**Data for this task**
▬▬▬▬▬▬▬▬▬▬

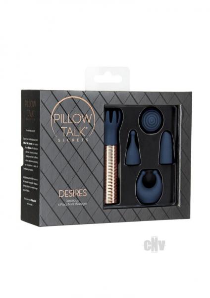 Description: Expand your world of pleasure with the Pillow Talk® Secrets 6-Piece set, Desires! This luxurious kit is a great starting point for anyone looking to explore the sensual and intense world of bullet vibrators. Powered by the incredible PowerBullet® motor, Desires will give you deep rumbles at speeds that range from mild to wild.andnbsp; The incremental speed is easily controlled by pressing and holding the button on the base.andnbsp; You are in control of your pleasure level!andnbsp; Desires features 5 interchangeable silicone heads, each with their own unique shape and sensation.andnbsp; The classic Lipstick head provides a smooth angled tip for sensational surface coverage.andnbsp; The Pinpoint tip features a narrow ball for precision vibe delivery and the Dual Pinpoint tip has two ball tips for double the precision and is prefect for nipple play.andnbsp; The Grooved Orb has round ridges that deliver those vibrations on waves of lip-biting bliss.andnbsp; Finally, the Tickler head has 8 soft fingers arranged in an encompassing circle to tease and tickle nipples or other sensitive spots.andnbsp; Each head easily pops off the bullet base with a pull and pops back on with a push.andnbsp; They`re made from 100% body safe silicone and are easy to clean.andnbsp; Play on your own or let your partner explore your body with the different tips, discovering new and exciting hot spots all over your body.andnbsp; The powerful vibrations are concentrated towards the tip of the bullet, so when you hold it at the base, you can direct those knee-shaking vibration right where you want them.andnbsp; Desires comes with a satin storage pouch so you can keep all the heads together with the bullet and tuck them away until your next sexy adventure.andnbsp; There is also an included cleaning brush, to keep the grooves on the bullet clean, and make sure to clean the heads and bullet with a toy cleaner before and after each use.andnbsp; A convenient travel lock means you can take Desires on the go with you and the included USB cable will help you keep it charged for whenever you need it. Incredibly powerful vibrations with a variety of elegant experiences.andnbsp; Say hello to your new Desires! andnbsp; Key Features: Bullet Vibrator Incremental Speed Control 5 Interchangeable Silicone Heads Powered by PowerBullet® Discreet Size Travel Lock Press and Hold Technology Easy to Clean Easy to Use Waterproof (IPX6) Magnetic USB Rechargeable Charge Time: 1.5 Hours Up to 2.5 Hours of Playtime andnbsp; Dimensions: Bullet Length: 3 in. Bullet Diameter: 0.7 in. andnbsp; Included in the Box: Bullet Vibrator Lipstick Head Tickler Head Pinpoint Head Dual Pinpoint Head Grooved Orb Head Magnetic USB Charge Cable Cleaning Brush Satin Storage Pouch Quick Start Guide
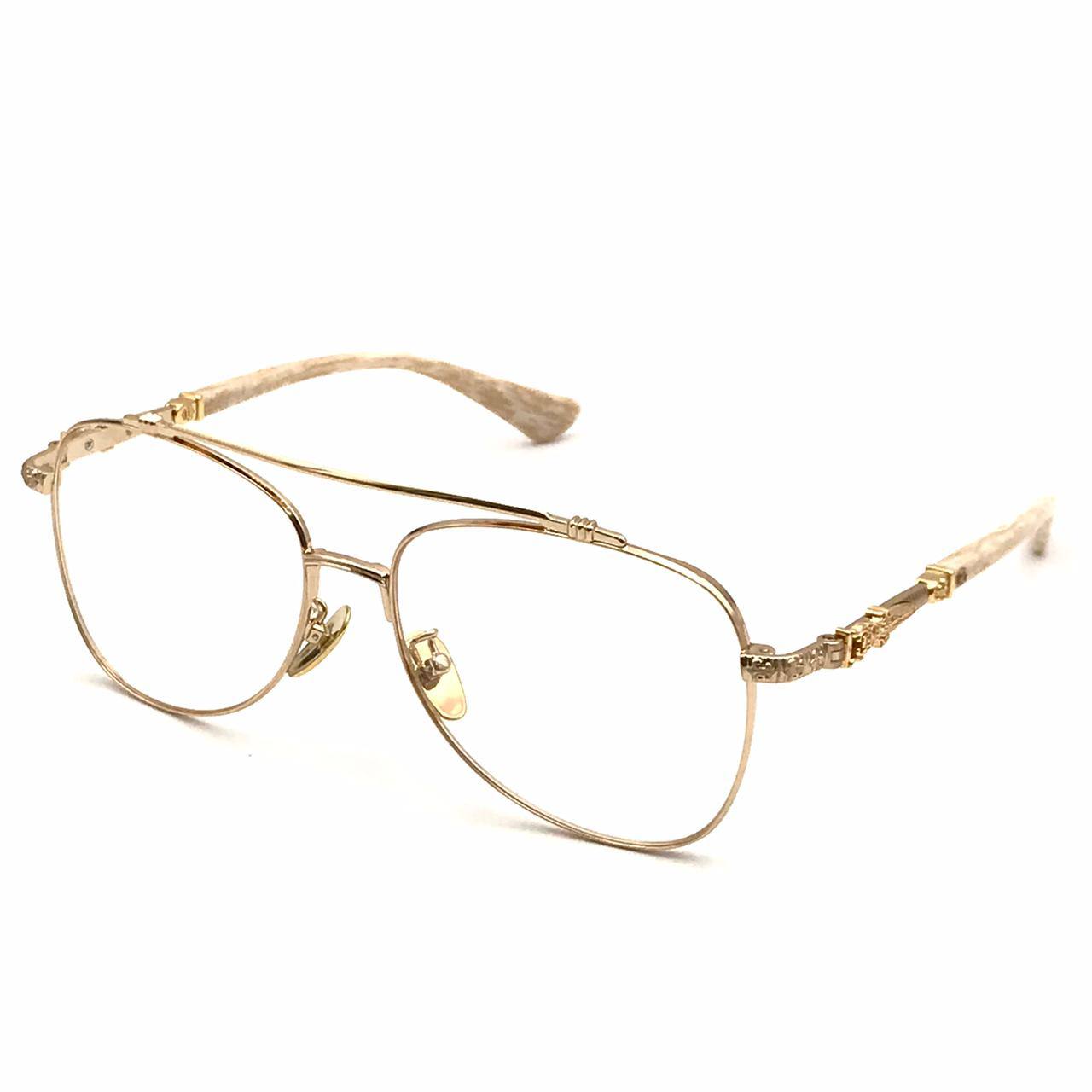 Оправа под диоптрию CHROME HEARTS LUX-71131 — это воплощение изысканности и стиля. Оправа выполнена в золотистом цвете, имеет текстуру, которая придает ей уникальный вид. Эта оправа предназначена для использования с диоптрийными линзами.
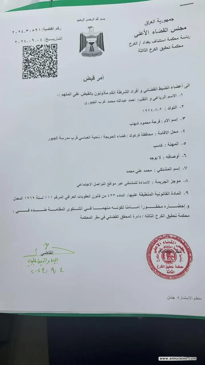 اصدرت محكمة تحقيق الكرخ، اليوم الأربعاء، مذكرة قبض بحق رئيس تحالف عزم في كركوك أحمد عبدالله الغرب الجبوري بتهمة السب والقذف.
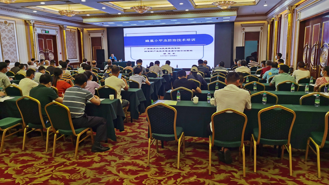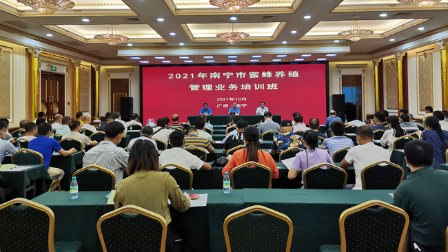 蜜蜂养殖行业通常被人们称为“甜蜜事业”。近日,为了进一步加强我市的蜜蜂养殖监管,有效提升养蜂从业人员防控蜂巢小甲虫的危害,促进蜜蜂产业健康发展,在南宁市举办了一期蜜蜂养殖管理业务培训班。南宁市水产畜牧兽医技术推广站李凌波站长出席了开班仪式,并就当前蜂巢小甲虫的危害性进行了分析,对我市蜂巢小甲虫防控工作提出明确要求。
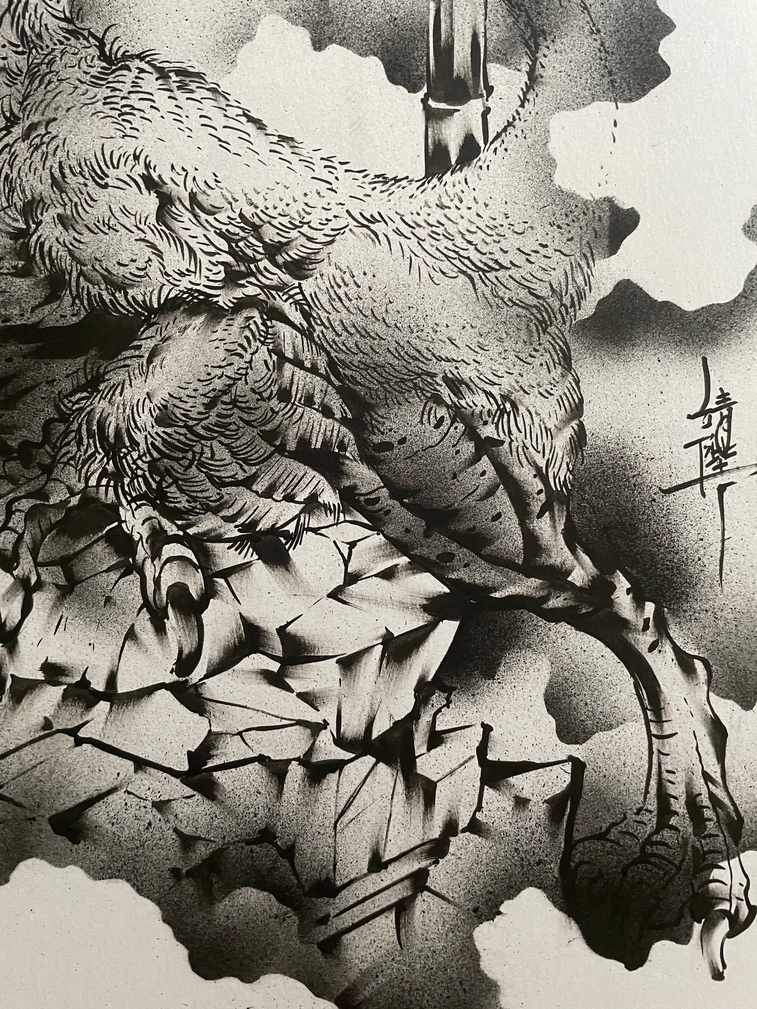 紙に恐竜。ヴェロキラプトルは東アジアに存在した小型羽毛恐竜。アジアの恐竜ということで、竹林と岩、満月の夜に徘徊姿を描いてみた。竹はあったのかな?そういえば、この恐竜はジュラシックパークでも登場したけど、羽毛恐竜としては描かれてなかったね。(作家談)
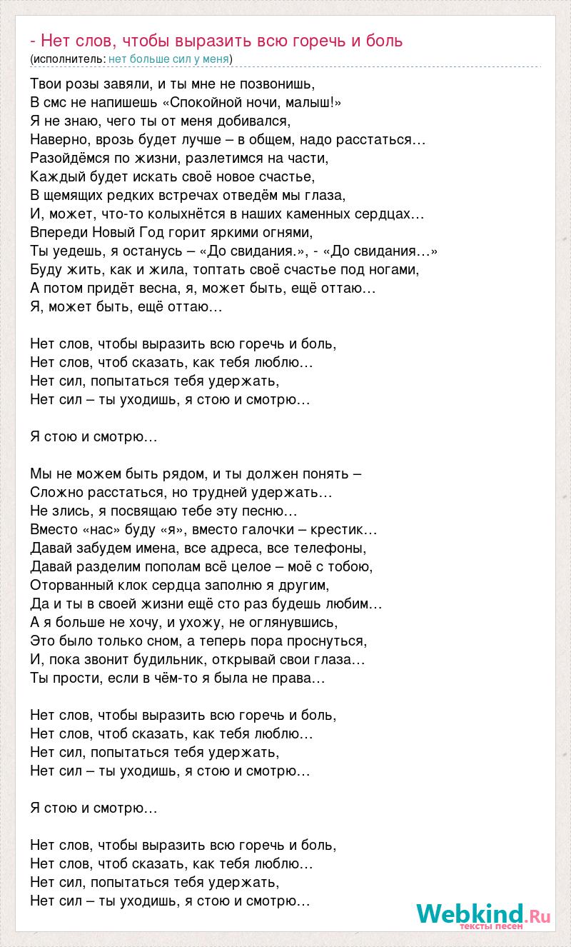 Твои розы завяли, и ты мне не позвонишь, В смс не напишешь «Спокойной ночи, малыш!» Я не знаю, чего ты от меня добивался, Наверно, врозь будет лучше – в общем, надо расстаться… Разойдёмся по жизни, разлетимся на части, Каждый будет искать своё новое счастье, В щемящих редких встречах отведём мы глаза, И, может, что-то колыхнётся в наших каменных сердцах… Впереди Новый Год горит яркими огнями, Ты уедешь, я останусь – «До свидания.», - «До свидания…» Буду жить, как и жила, топтать своё счастье под ногами, А потом придёт весна, я, может быть, ещё оттаю… Я, может быть, ещё оттаю… Нет слов, чтобы выразить всю горечь и боль, Нет слов, чтоб сказать, как тебя люблю… Нет сил, попытаться тебя удержать, Нет сил – ты уходишь, я стою и смотрю… Я стою и смотрю… Мы не можем быть рядом, и ты должен понять – Сложно расстаться, но трудней удержать… Не злись, я посвящаю тебе эту песню… Вместо «нас» буду «я», вместо галочки – крестик… Давай забудем имена, все адреса, все телефоны, Давай разделим пополам всё целое – моё с тобою, Оторванный клок сердца заполню я другим, Да и ты в своей жизни ещё сто раз будешь любим… А я больше не хочу, и ухожу, не оглянувшись, Это было только сном, а теперь пора проснуться, И, пока звонит будильник, открывай свои глаза… Ты прости, если в чём-то я была не права… Нет слов, чтобы выразить всю горечь и боль, Нет слов, чтоб сказать, как тебя люблю… Нет сил, попытаться тебя удержать, Нет сил – ты уходишь, я стою и смотрю… Я стою и смотрю… Нет слов, чтобы выразить всю горечь и боль, Нет слов, чтоб сказать, как тебя люблю… Нет сил, попытаться тебя удержать, Нет сил – ты уходишь, я стою и смотрю…
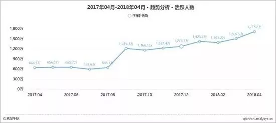 易觀數據顯示,進入四月,天氣回升,各類鮮果開始上市。生鮮電商瞄準時機,紛紛加強營銷活動的推廣,其移動端應用活躍人數也呈現發展態勢。2018年4月,生鮮電商應用活躍人數達到1715.8萬,活躍用戶環比增長13.7%。
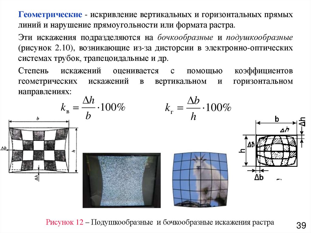 Геометрические - искривление вертикальных и горизонтальных прямыхлиний и нарушение прямоугольности или формата растра.
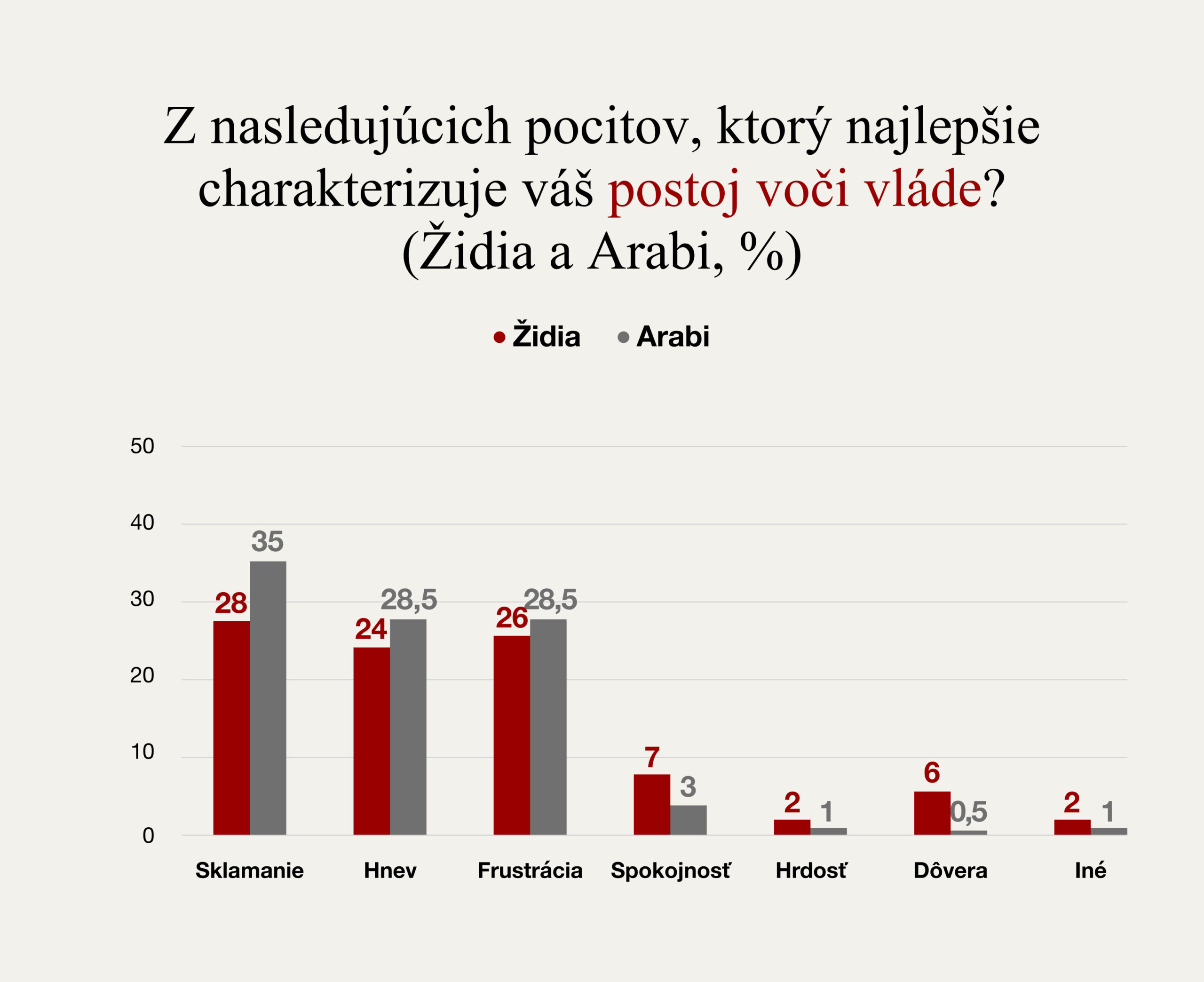 Prieskumy verejnej mienky taktiež ukazujú, ako hlboko siaha rozhorčenie domácich obyvateľov voči súčasnej vláde Izraela. Drvivá väčšina Židov, ale aj Arabov tvrdí, že sú sklamaní, nahnevaní alebo frustrovaní. Ide konkrétne o 92 percent opýtaných Arabov a 78 percent Židov.

▬▬▬▬▬▬▬▬▬▬

**Exercise directions**
Word for word, reproduce all of the data, but keep out the pictures.

**Task solution**
 Description: Expand your world of pleasure with the Pillow Talk® Secrets 6-Piece set, Desires! This luxurious kit is a great starting point for anyone looking to explore the sensual and intense world of bullet vibrators. Powered by the incredible PowerBullet® motor, Desires will give you deep rumbles at speeds that range from mild to wild.andnbsp; The incremental speed is easily controlled by pressing and holding the button on the base.andnbsp; You are in control of your pleasure level!andnbsp; Desires features 5 interchangeable silicone heads, each with their own unique shape and sensation.andnbsp; The classic Lipstick head provides a smooth angled tip for sensational surface coverage.andnbsp; The Pinpoint tip features a narrow ball for precision vibe delivery and the Dual Pinpoint tip has two ball tips for double the precision and is prefect for nipple play.andnbsp; The Grooved Orb has round ridges that deliver those vibrations on waves of lip-biting bliss.andnbsp; Finally, the Tickler head has 8 soft fingers arranged in an encompassing circle to tease and tickle nipples or other sensitive spots.andnbsp; Each head easily pops off the bullet base with a pull and pops back on with a push.andnbsp; They`re made from 100% body safe silicone and are easy to clean.andnbsp; Play on your own or let your partner explore your body with the different tips, discovering new and exciting hot spots all over your body.andnbsp; The powerful vibrations are concentrated towards the tip of the bullet, so when you hold it at the base, you can direct those knee-shaking vibration right where you want them.andnbsp; Desires comes with a satin storage pouch so you can keep all the heads together with the bullet and tuck them away until your next sexy adventure.andnbsp; There is also an included cleaning brush, to keep the grooves on the bullet clean, and make sure to clean the heads and bullet with a toy cleaner before and after each use.andnbsp; A convenient travel lock means you can take Desires on the go with you and the included USB cable will help you keep it charged for whenever you need it. Incredibly powerful vibrations with a variety of elegant experiences.andnbsp; Say hello to your new Desires! andnbsp; Key Features: Bullet Vibrator Incremental Speed Control 5 Interchangeable Silicone Heads Powered by PowerBullet® Discreet Size Travel Lock Press and Hold Technology Easy to Clean Easy to Use Waterproof (IPX6) Magnetic USB Rechargeable Charge Time: 1.5 Hours Up to 2.5 Hours of Playtime andnbsp; Dimensions: Bullet Length: 3 in. Bullet Diameter: 0.7 in. andnbsp; Included in the Box: Bullet Vibrator Lipstick Head Tickler Head Pinpoint Head Dual Pinpoint Head Grooved Orb Head Magnetic USB Charge Cable Cleaning Brush Satin Storage Pouch Quick Start Guide
 Оправа под диоптрию CHROME HEARTS LUX-71131 — это воплощение изысканности и стиля. Оправа выполнена в золотистом цвете, имеет текстуру, которая придает ей уникальный вид. Эта оправа предназначена для использования с диоптрийными линзами.
 اصدرت محكمة تحقيق الكرخ، اليوم الأربعاء، مذكرة قبض بحق رئيس تحالف عزم في كركوك أحمد عبدالله الغرب الجبوري بتهمة السب والقذف.
 蜜蜂养殖行业通常被人们称为“甜蜜事业”。近日,为了进一步加强我市的蜜蜂养殖监管,有效提升养蜂从业人员防控蜂巢小甲虫的危害,促进蜜蜂产业健康发展,在南宁市举办了一期蜜蜂养殖管理业务培训班。南宁市水产畜牧兽医技术推广站李凌波站长出席了开班仪式,并就当前蜂巢小甲虫的危害性进行了分析,对我市蜂巢小甲虫防控工作提出明确要求。
 紙に恐竜。ヴェロキラプトルは東アジアに存在した小型羽毛恐竜。アジアの恐竜ということで、竹林と岩、満月の夜に徘徊姿を描いてみた。竹はあったのかな?そういえば、この恐竜はジュラシックパークでも登場したけど、羽毛恐竜としては描かれてなかったね。(作家談)
 Твои розы завяли, и ты мне не позвонишь, В смс не напишешь «Спокойной ночи, малыш!» Я не знаю, чего ты от меня добивался, Наверно, врозь будет лучше – в общем, надо расстаться… Разойдёмся по жизни, разлетимся на части, Каждый будет искать своё новое счастье, В щемящих редких встречах отведём мы глаза, И, может, что-то колыхнётся в наших каменных сердцах… Впереди Новый Год горит яркими огнями, Ты уедешь, я останусь – «До свидания.», - «До свидания…» Буду жить, как и жила, топтать своё счастье под ногами, А потом придёт весна, я, может быть, ещё оттаю… Я, может быть, ещё оттаю… Нет слов, чтобы выразить всю горечь и боль, Нет слов, чтоб сказать, как тебя люблю… Нет сил, попытаться тебя удержать, Нет сил – ты уходишь, я стою и смотрю… Я стою и смотрю… Мы не можем быть рядом, и ты должен понять – Сложно расстаться, но трудней удержать… Не злись, я посвящаю тебе эту песню… Вместо «нас» буду «я», вместо галочки – крестик… Давай забудем имена, все адреса, все телефоны, Давай разделим пополам всё целое – моё с тобою, Оторванный клок сердца заполню я другим, Да и ты в своей жизни ещё сто раз будешь любим… А я больше не хочу, и ухожу, не оглянувшись, Это было только сном, а теперь пора проснуться, И, пока звонит будильник, открывай свои глаза… Ты прости, если в чём-то я была не права… Нет слов, чтобы выразить всю горечь и боль, Нет слов, чтоб сказать, как тебя люблю… Нет сил, попытаться тебя удержать, Нет сил – ты уходишь, я стою и смотрю… Я стою и смотрю… Нет слов, чтобы выразить всю горечь и боль, Нет слов, чтоб сказать, как тебя люблю… Нет сил, попытаться тебя удержать, Нет сил – ты уходишь, я стою и смотрю…
 易觀數據顯示,進入四月,天氣回升,各類鮮果開始上市。生鮮電商瞄準時機,紛紛加強營銷活動的推廣,其移動端應用活躍人數也呈現發展態勢。2018年4月,生鮮電商應用活躍人數達到1715.8萬,活躍用戶環比增長13.7%。
 Геометрические - искривление вертикальных и горизонтальных прямыхлиний и нарушение прямоугольности или формата растра.
 Prieskumy verejnej mienky taktiež ukazujú, ako hlboko siaha rozhorčenie domácich obyvateľov voči súčasnej vláde Izraela. Drvivá väčšina Židov, ale aj Arabov tvrdí, že sú sklamaní, nahnevaní alebo frustrovaní. Ide konkrétne o 92 percent opýtaných Arabov a 78 percent Židov.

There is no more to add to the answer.